DATA PROVIDED.

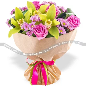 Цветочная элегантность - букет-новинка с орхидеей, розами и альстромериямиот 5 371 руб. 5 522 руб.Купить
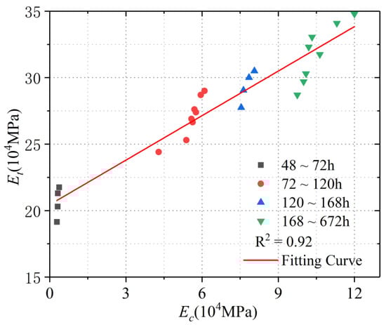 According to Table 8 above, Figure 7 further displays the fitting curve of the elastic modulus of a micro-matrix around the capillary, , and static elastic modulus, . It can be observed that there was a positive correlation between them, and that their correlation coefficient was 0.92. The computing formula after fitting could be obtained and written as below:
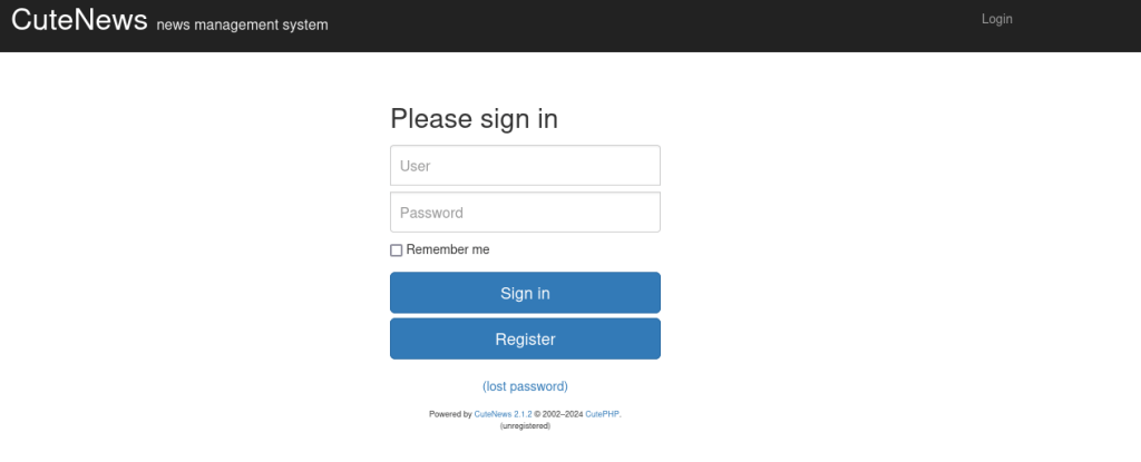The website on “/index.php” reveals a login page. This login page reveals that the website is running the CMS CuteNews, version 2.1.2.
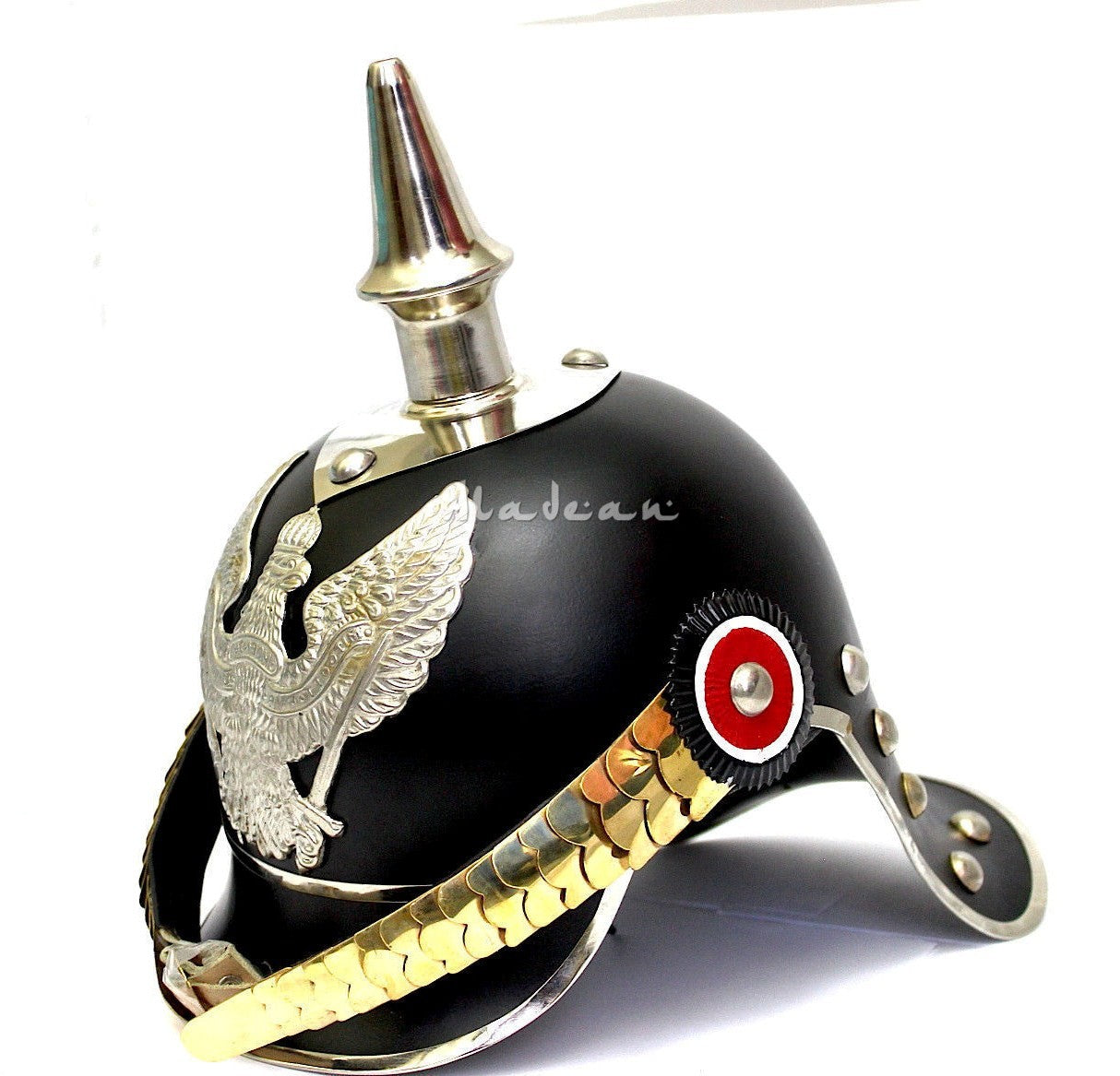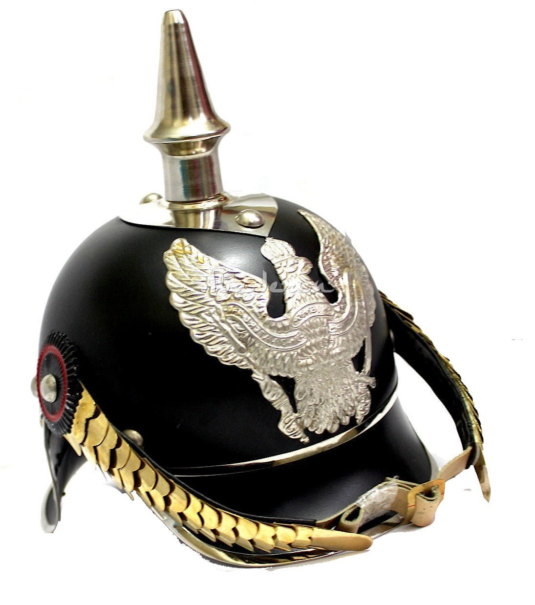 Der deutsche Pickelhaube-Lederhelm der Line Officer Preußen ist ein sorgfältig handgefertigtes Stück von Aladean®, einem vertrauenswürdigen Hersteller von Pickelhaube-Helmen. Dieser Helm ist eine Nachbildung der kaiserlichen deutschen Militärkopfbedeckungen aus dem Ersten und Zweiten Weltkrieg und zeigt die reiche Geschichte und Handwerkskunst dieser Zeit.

PROBLEM TO SOLVE. Leave out the pictures, then return every line of the data exactly.

TASK OUTPUT.
 Цветочная элегантность - букет-новинка с орхидеей, розами и альстромериямиот 5 371 руб. 5 522 руб.Купить
 According to Table 8 above, Figure 7 further displays the fitting curve of the elastic modulus of a micro-matrix around the capillary, , and static elastic modulus, . It can be observed that there was a positive correlation between them, and that their correlation coefficient was 0.92. The computing formula after fitting could be obtained and written as below:
The website on “/index.php” reveals a login page. This login page reveals that the website is running the CMS CuteNews, version 2.1.2.
 Der deutsche Pickelhaube-Lederhelm der Line Officer Preußen ist ein sorgfältig handgefertigtes Stück von Aladean®, einem vertrauenswürdigen Hersteller von Pickelhaube-Helmen. Dieser Helm ist eine Nachbildung der kaiserlichen deutschen Militärkopfbedeckungen aus dem Ersten und Zweiten Weltkrieg und zeigt die reiche Geschichte und Handwerkskunst dieser Zeit.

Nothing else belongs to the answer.